Rewrite sanitize_name to better preserve filenames.

The previous version of sanitize_name dropped all unicode characters and mangled filenames with multiple `.`s in the extension, leading to confusing URLs for files uploaded to Zulip. Fixes #321. [tweaked significantly by tabbott]
2016-03-13 14:59:33 +05:30 · 2016-03-13 14:59:33 +05:30 · e0ef1a991e
parent 4a50336476
commit e0ef1a991e
2 changed files with 36 additions and 8 deletions
--- a/zerver/lib/upload.py
+++ b/zerver/lib/upload.py
@ -2,6 +2,9 @@ from __future__ import absolute_import

 from django.conf import settings
 from django.template.defaultfilters import slugify
+from django.utils.encoding import force_text
+from django.utils.safestring import mark_safe
+import unicodedata

 from zerver.lib.avatar import user_avatar_hash

@ -13,6 +16,7 @@ from zerver.models import get_user_profile_by_id

 import base64
 import os
+import re
 from PIL import Image, ImageOps
 from six.moves import cStringIO as StringIO
 import random
@ -28,15 +32,26 @@ import random
 # This is great, because passing the pseudofile object that Django gives
 # you to boto would be a pain.

-# To come up with a s3 key we randomly generate a "directory". The "file
-# name" is the original filename provided by the user run through Django's
-# slugify.
+# To come up with a s3 key we randomly generate a "directory". The
+# "file name" is the original filename provided by the user run
+# through a sanitization function.

-def sanitize_name(name):
-    split_name = name.split('.')
-    base = ".".join(split_name[:-1])
-    extension = split_name[-1]
-    return slugify(base) + "." + slugify(extension)
+def sanitize_name(value):
+    """
+    Sanitizes a value to be safe to store in a Linux filesystem, in
+    S3, and in a URL.  So unicode is allowed, but not special
+    characters other than ".", "-", and "_".
+
+    This implementation is based on django.utils.text.slugify; it is
+    modified by:
+    * hardcoding allow_unicode=True.
+    * adding '.' and '_' to the list of allowed characters.
+    * preserving the case of the value.
+    """
+    value = force_text(value)
+    value = unicodedata.normalize('NFKC', value)
+    value = re.sub('[^\w\s._-]', '', value, flags=re.U).strip()
+    return mark_safe(re.sub('[-\s]+', '-', value, flags=re.U))

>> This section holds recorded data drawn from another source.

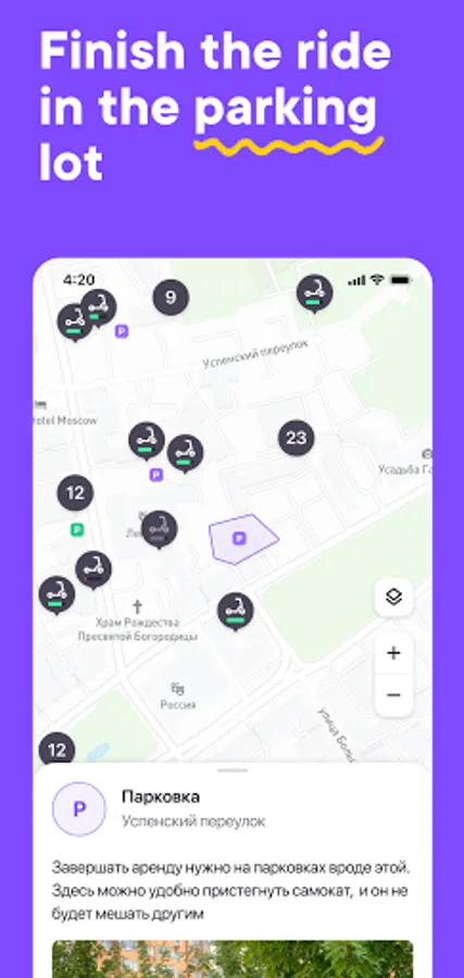 Service is available in Moscow, St. Petersburg, Kazan, Khabarovsk and the largest cities in the South of Russia, such as Sochi, Krasnaya Polyana, Anapa, Krasnodar, Rostov-on-Don and others. The rental rules may differ for each city, so we recommend checking them before renting. In general, sharing is similar to Whoosh, Eleven, Molnia, Lite, Poputi, Busyfly, YES Sharing, Lime, Bird, Dott, Voi, Tier, Circ and others.
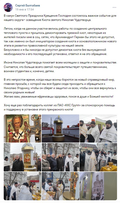 Другой пост на странице главы администрации Ефремова, набравший пять тысяч просмотров, рассказывает об освящении киота Николая Чудотворца в канун Крещения. Публикация набрала более 250 лайков, 3 комментария и 12 репостов.
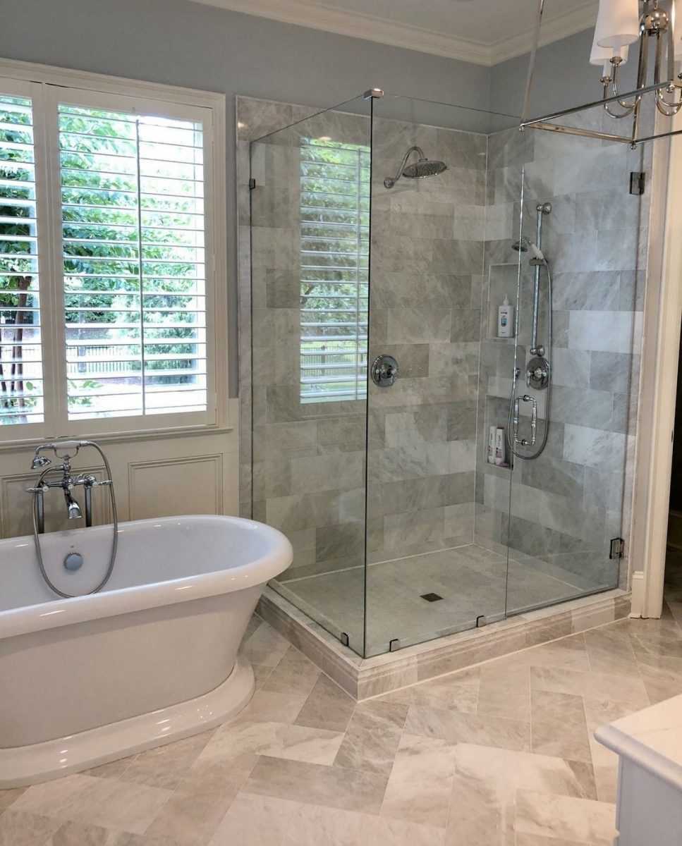 Обычно оснащают ванные душевыми кабинами. В небольшие комнаты устанавливают угловые модели. Они смотрятся стильно, не загромождают помещение. Это видно и на фото.
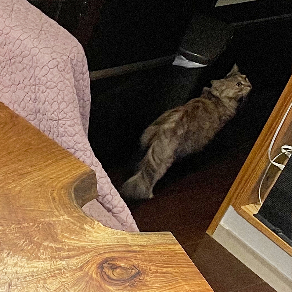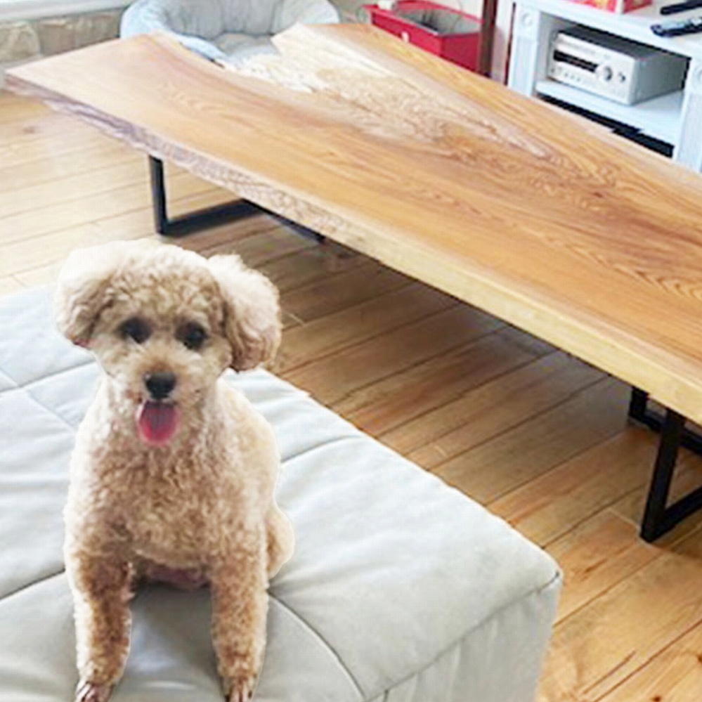 『変形の一枚板の使い勝手を心配しましたが妙に部屋に馴染み、どこに座っても心地良く毎日楽しんでいます。ありがとうございます!』

 def random_name(bytes=60):
    return base64.urlsafe_b64encode(os.urandom(bytes))
--- a/zerver/test_external.py
+++ b/zerver/test_external.py
@ -17,6 +17,7 @@ from zerver.lib.actions import compute_mit_user_fullname
 from zerver.lib.test_helpers import AuthedTestCase
 from zerver.models import get_user_profile_by_email
 from zerver.lib.test_runner import slow
+from zerver.lib.upload import sanitize_name

 import time
 import ujson
@ -227,3 +228,15 @@ class GCMTokenTests(AuthedTestCase):
        result = self.client.post('/json/users/me/android_gcm_reg_id', {'token':token})
        self.assert_json_success(result)

+class SanitizeNameTests(TestCase):
+    def test_file_name(self):
+        self.assertEquals(sanitize_name(u'test.txt'), u'test.txt')
+        self.assertEquals(sanitize_name(u'.hidden'), u'.hidden')
+        self.assertEquals(sanitize_name(u'.hidden.txt'), u'.hidden.txt')
+        self.assertEquals(sanitize_name(u'tarball.tar.gz'), u'tarball.tar.gz')
+        self.assertEquals(sanitize_name(u'.hidden_tarball.tar.gz'), u'.hidden_tarball.tar.gz')
+        self.assertEquals(sanitize_name(u'Testing{}*&*#().ta&&%$##&&r.gz'), u'Testing.tar.gz')
+        self.assertEquals(sanitize_name(u'*testingfile?*.txt'), u'testingfile.txt')
+        self.assertEquals(sanitize_name(u'snowman☃.txt'), u'snowman.txt')
+        self.assertEquals(sanitize_name(u'테스트.txt'), u'테스트.txt')
+        self.assertEquals(sanitize_name(u'~/."\`\?*"u0`000ssh/test.t**{}ar.gz'), u'.u0000sshtest.tar.gz')